In some aspects of the disclosure, a computer-implemented method of identifying a product in a sensor area is provided. The product is a food or a beverage. The method comprises receiving position data indicative of a position of the product in the sensor area. An image of the sensor area is received. The image may be received at substantially the same time as the position data. A portion of the image corresponding to the product based on the position data is determined. Using the portion of the image, a preliminary identity of the product based on a plurality of predetermined models is determined. The plurality of predetermined models may be stored in a model database. The plurality of predetermined models includes a model of the product, and each of the predetermined models is associated with respective expected physical properties. Physical property data indicative of one or more physical properties of the product is received. The identity of the product is determined to be the preliminary identity if the physical property data is consistent with the expected physical properties.
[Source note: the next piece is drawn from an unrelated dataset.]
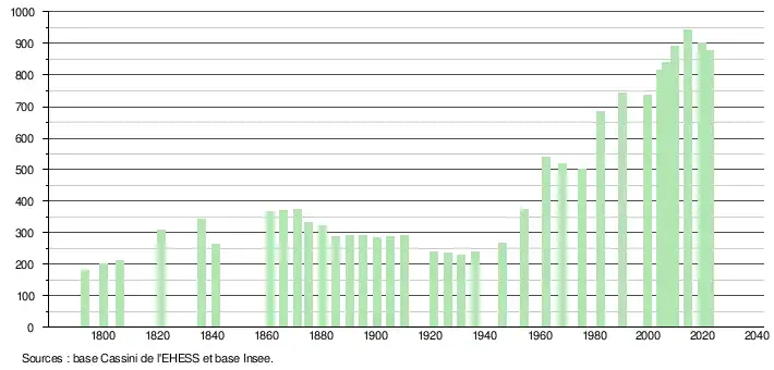 L'évolution du nombre d'habitants est connue à travers les recensements de la population effectués dans la commune depuis 1793. Pour les communes de moins de 10 000 habitants, une enquête de recensement portant sur toute la population est réalisée tous les cinq ans, les populations de référence des années intermédiaires étant quant à elles estimées par interpolation ou extrapolation[19]. Pour la commune, le premier recensement exhaustif entrant dans le cadre du nouveau dispositif a été réalisé en 2004[20].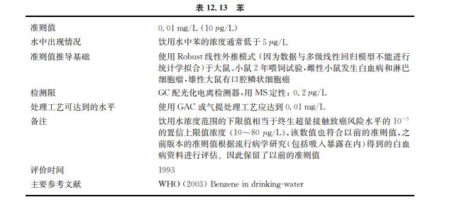 苯主要用于其他有機化合物的生產。苯存在于石油中。汽車尾氣是環境苯的主要來 源。苯有可能通過工業排放和大氣污染進入水體(見表12.13)

The method enables products to be identified without requiring the product to be marked with a machine-readable code such as a barcode or QR code. Determining a portion of the image corresponding to the product increases the accuracy of the determining of the preliminary identity by removing irrelevant information from the image before the portion of the image is compared against the models in the model database. Further, comparing the physical property data of the product with the expected physical properties increases the accuracy of the identification by taking into account features of the product in addition to the appearance of the product.
The term “consistent with” is to be understood to mean that the physical property data substantially matches or corresponds with the expected physical property. For example, the weight of the product in the sensor area may be within a predetermined threshold difference from the expected weight of the product.
Further aspects of the disclosure relate to a system for identifying a product in a sensor area. The product is a food or beverage. The system comprises a depth sensor arranged to provide position data indicative of a position of the product in the sensor area and a camera arranged to capture an image of the sensor area. The depth sensor may be a stereoscopic camera. The system also comprises a physical property sensor arranged to provide physical property data indicative of one or more physical properties of the product. For example, the physical property sensor may be one or more of a thermographic camera, a thermometer, a weighing scale, a 2D or preferably 3D lidar sensor, and a radar sensor. The system also comprises a model database having a plurality of predetermined models of products including a model of the product. Each of the predetermined models is associated with respective expected physical properties. Additionally, the system comprises a processor arranged to determine a portion of the image corresponding to the product based on the position data, determines, using the portion of the image, a preliminary identity of the product based on the plurality of predetermined models in the model database, and determines an identity of the product by comparing the physical property data with the expected physical properties associated with the preliminary identity.
It will be well understood that this system is not a limited example, and that other sensors may be used either in addition or instead of those of the system described above. For example, ultrasonic sensors may be used to detect the presence and quantity of objects in the sensor area, as well as material properties such as how hard or soft objects in the sensor area are, i.e. object density. Near-infrared spectroscopy sensors could also be used type to detect chemical composition of objects in the sensor area. The model database may for example comprise data related to the near-infrared spectroscopy waves, or sub database related to near-infrared spectroscopy waves. This can be used, for example, in the detection of different beverages such as coffee or water.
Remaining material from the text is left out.